WHAT TO WORK ON:
Please copy the lines below, exactly as they are, from the one with "Blue Sapphire Crystal Rosary Bracelet 7MM" through the one with "공간 절약형 두꺼운 고가", and leave out the pictures.

PROVIDED INFORMATION:
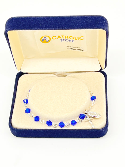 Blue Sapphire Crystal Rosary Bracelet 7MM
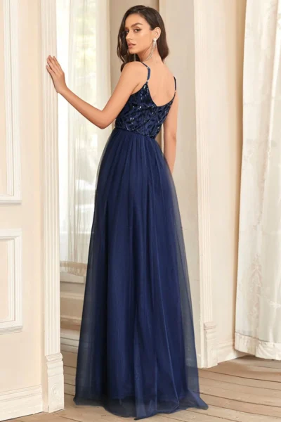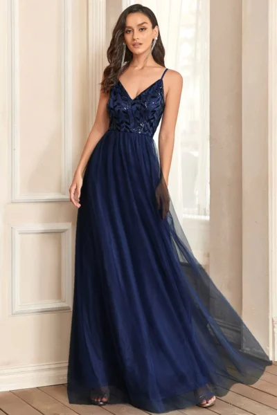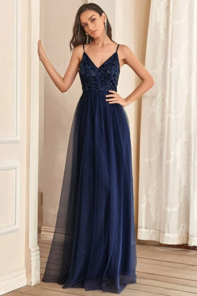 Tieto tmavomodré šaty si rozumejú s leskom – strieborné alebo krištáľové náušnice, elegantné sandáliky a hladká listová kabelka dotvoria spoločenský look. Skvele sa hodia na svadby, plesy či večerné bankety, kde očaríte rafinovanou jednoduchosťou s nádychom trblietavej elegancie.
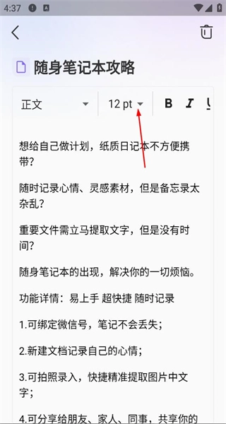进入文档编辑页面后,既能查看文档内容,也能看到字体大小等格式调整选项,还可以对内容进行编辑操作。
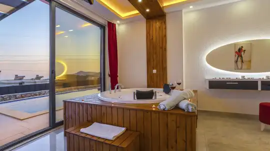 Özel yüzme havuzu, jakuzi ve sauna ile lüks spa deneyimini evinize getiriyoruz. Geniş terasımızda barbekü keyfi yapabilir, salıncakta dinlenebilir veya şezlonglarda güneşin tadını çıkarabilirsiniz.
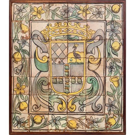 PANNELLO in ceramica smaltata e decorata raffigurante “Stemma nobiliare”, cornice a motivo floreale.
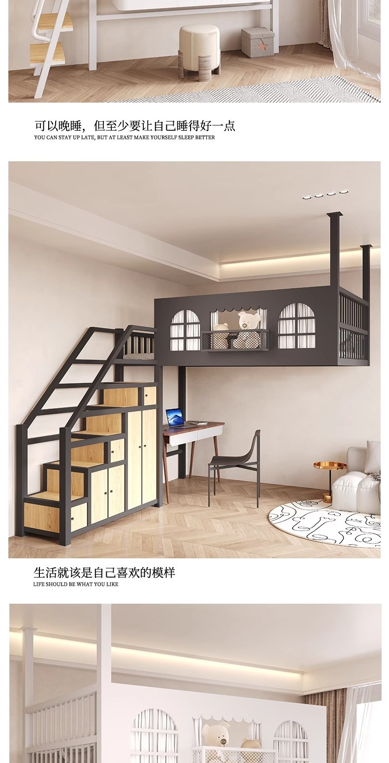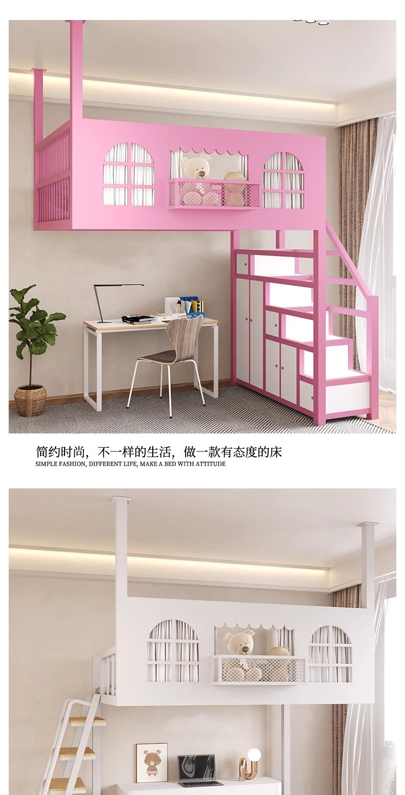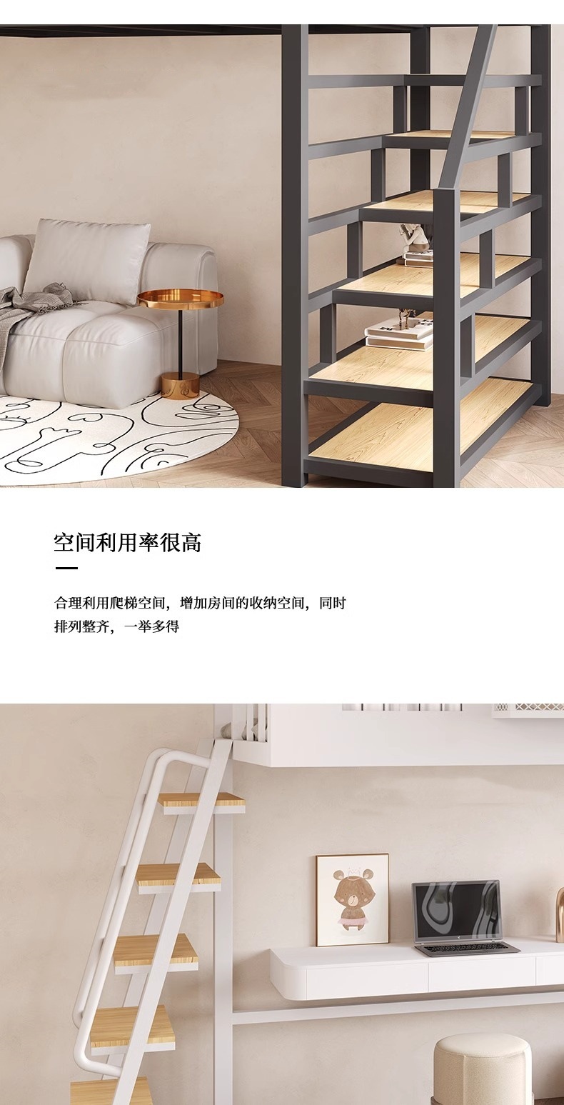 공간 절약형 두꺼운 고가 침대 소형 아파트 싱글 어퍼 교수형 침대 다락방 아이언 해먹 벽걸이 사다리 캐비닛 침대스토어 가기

--

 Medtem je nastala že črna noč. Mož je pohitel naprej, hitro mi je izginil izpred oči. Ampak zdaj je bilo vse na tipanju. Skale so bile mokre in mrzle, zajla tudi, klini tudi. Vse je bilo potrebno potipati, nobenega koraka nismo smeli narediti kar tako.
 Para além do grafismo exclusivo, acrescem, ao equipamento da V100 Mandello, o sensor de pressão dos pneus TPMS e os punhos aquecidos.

TASK OUTPUT:
 Blue Sapphire Crystal Rosary Bracelet 7MM
 Tieto tmavomodré šaty si rozumejú s leskom – strieborné alebo krištáľové náušnice, elegantné sandáliky a hladká listová kabelka dotvoria spoločenský look. Skvele sa hodia na svadby, plesy či večerné bankety, kde očaríte rafinovanou jednoduchosťou s nádychom trblietavej elegancie.
进入文档编辑页面后,既能查看文档内容,也能看到字体大小等格式调整选项,还可以对内容进行编辑操作。
 Özel yüzme havuzu, jakuzi ve sauna ile lüks spa deneyimini evinize getiriyoruz. Geniş terasımızda barbekü keyfi yapabilir, salıncakta dinlenebilir veya şezlonglarda güneşin tadını çıkarabilirsiniz.
 PANNELLO in ceramica smaltata e decorata raffigurante “Stemma nobiliare”, cornice a motivo floreale.
 공간 절약형 두꺼운 고가 침대 소형 아파트 싱글 어퍼 교수형 침대 다락방 아이언 해먹 벽걸이 사다리 캐비닛 침대스토어 가기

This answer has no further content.